Politicians attempted to enact change at the regional scale by focusing on the neighborhood scale, demonstrating that a “complex and contingent urban political geography” (p. 192) underscores the concept of city-regionalism. McCann emphasizes that, in this political environment, socio-economic inequality became a crucial aspect of the contested definition of “livability”. He laments that Florida offers no policy recommendations for closing this persistent wealth gap, but highlights that livability in the city-region is yet again the prescribed solution, further reinforcing the fusion of discourses.
This paper is topical because of its application of Florida’s creative class thesis to the concept of the city-region. McCann asserts that city-regionalism has gained even more traction and support in policy discourses because of the very popularity of the creative class thesis. It becomes, then, a process of reinforcing and reproducing the conceptualization of the city as a region. Additionally, McCann takes aim at the homogenizing and essentializing tendencies of the creative class thesis, particularly in the way in which it identifies economic development with the presence of high concentrations of creative capital. Rather than evisioning the city-region as a heterogeneous place with multiple identities and a diverse array of citizens from multiple socio-economic backgrounds, the creative class thesis re-imagines the city-region as a site of entertainment and amenity consumption by an elite class of talented, self-actualized, mobile, and atomized individuals.
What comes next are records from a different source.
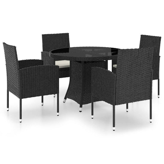 De eettafel en stoelen zijn gemaakt van onderhoudsvrij PE-rattan, waardoor ze gemakkelijk schoon te maken zijn met een vochtige doek en perfect zijn voor buitengebruik. Dankzij hun stalen frames zijn de tafel en stoelen zeer stabiel en stevig. Het glazen tafelblad geeft je buitenruimte een luxe tintje. Bovendien zijn de dikke, afneembare zitkussens zeer comfortabel.
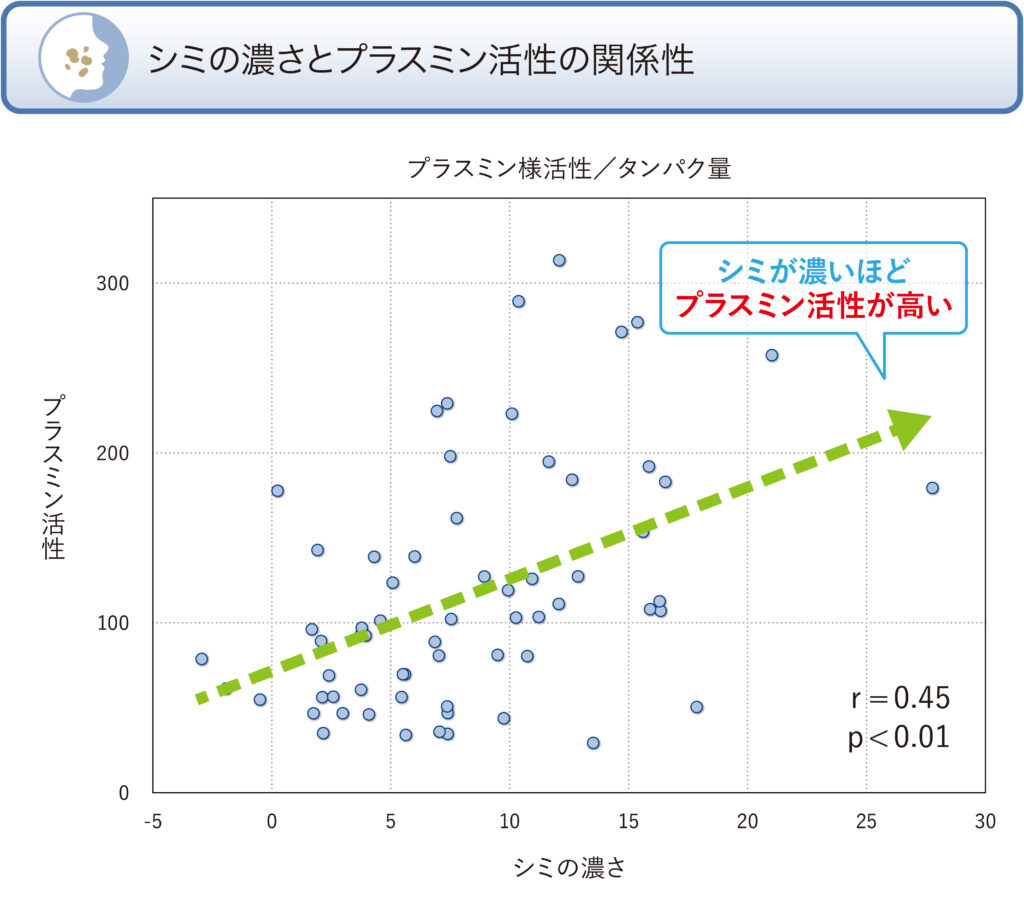 試験方法:皮膚色データを、CM 700d 分光測色計 (Konica Minolta, Japan)にて測定し、露光部である頬部の色調データから非露光部である上腕内側部の色調データを引いた値を⊿L値とした。シミ部および非シミ部より採取した角層のプラスミン活性(単位:fmol/min/µg)と⊿L(シミの濃さ)の相関関係を算出した。
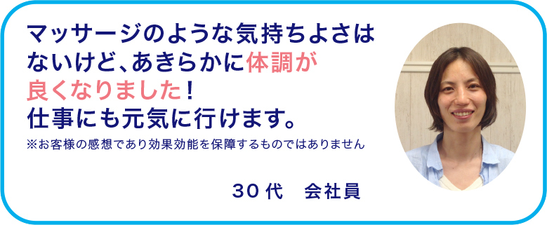 マッサージのような気持ちよさはないけど、あきらかに体調が良くなりました! 仕事にも元気に⾏けます。

Indeed, for all its self-promotion as a city of unique amenities that appeal to young professionals, McCann shows that Austin’s economic success is rooted in an economic development plan originating in the 1950’s. This plan emphasized a local economy based on white-collar jobs, a low cost of living, the presence of state government institutions, and the proximity to a large public research university. These attributes are strikingly comparable to the commonly conceived strengths of Columbus’ own local economy, which has enjoyed similar increases in population and economic growth in the face of a struggling state economy.
Austin’s development strategy is, on its face, quite admirable. Attempting to reduce sprawl by limiting exurban development even when such development is demanded by coveted high-tech firms takes enormous restraint on the part of local politicians and business elites. In terms of the creative city-region, this protects the environment and its recreational amenities while filling in the economically depressed and “underutilized” neighborhoods of the urban core. However, gentrification remains a highly contentious issue for impoverished urban residents who have spent decades creating lifestyles and homes for themselves in the otherwise neglected urban core. The neoliberal stance of Florida’s thesis does not make room for these marginalized classes of the working poor. Rather, it merely claims that their creative potential remains untapped, and that the means of upward mobility is a matter of pulling themselves up by their own creative bootstraps.
McCann forces us to consider the very nature of livability. Is measured in terms of the ability of the creative class to access certain recreational amenities, or the ability of a broad range of local residents to access quality education, healthcare, and job opportunities? These latter issues are effectively beyond the power of the city governments to effect change, dependent upon policies enacted at the state or federal level. But if the city-region is, in fact, engaged in a process of “hollowing out” the national state, then city governments are capable of focusing their attention away from the accumulation of creative capital from elsewhere and toward the distribution of essential public services to indigenous residents. In the process, such cities may unwittingly increase the quantity and quality of local creative capital, finding it to be uncharacteristically loyal to and rooted in the local culture.
Reference
McCann, E. (2007). “Inequality and Politics in the Creative City-Region: Questions of Livability and State Strategy.” International Journal of Urban and Regional Research 31 (1): 188-196.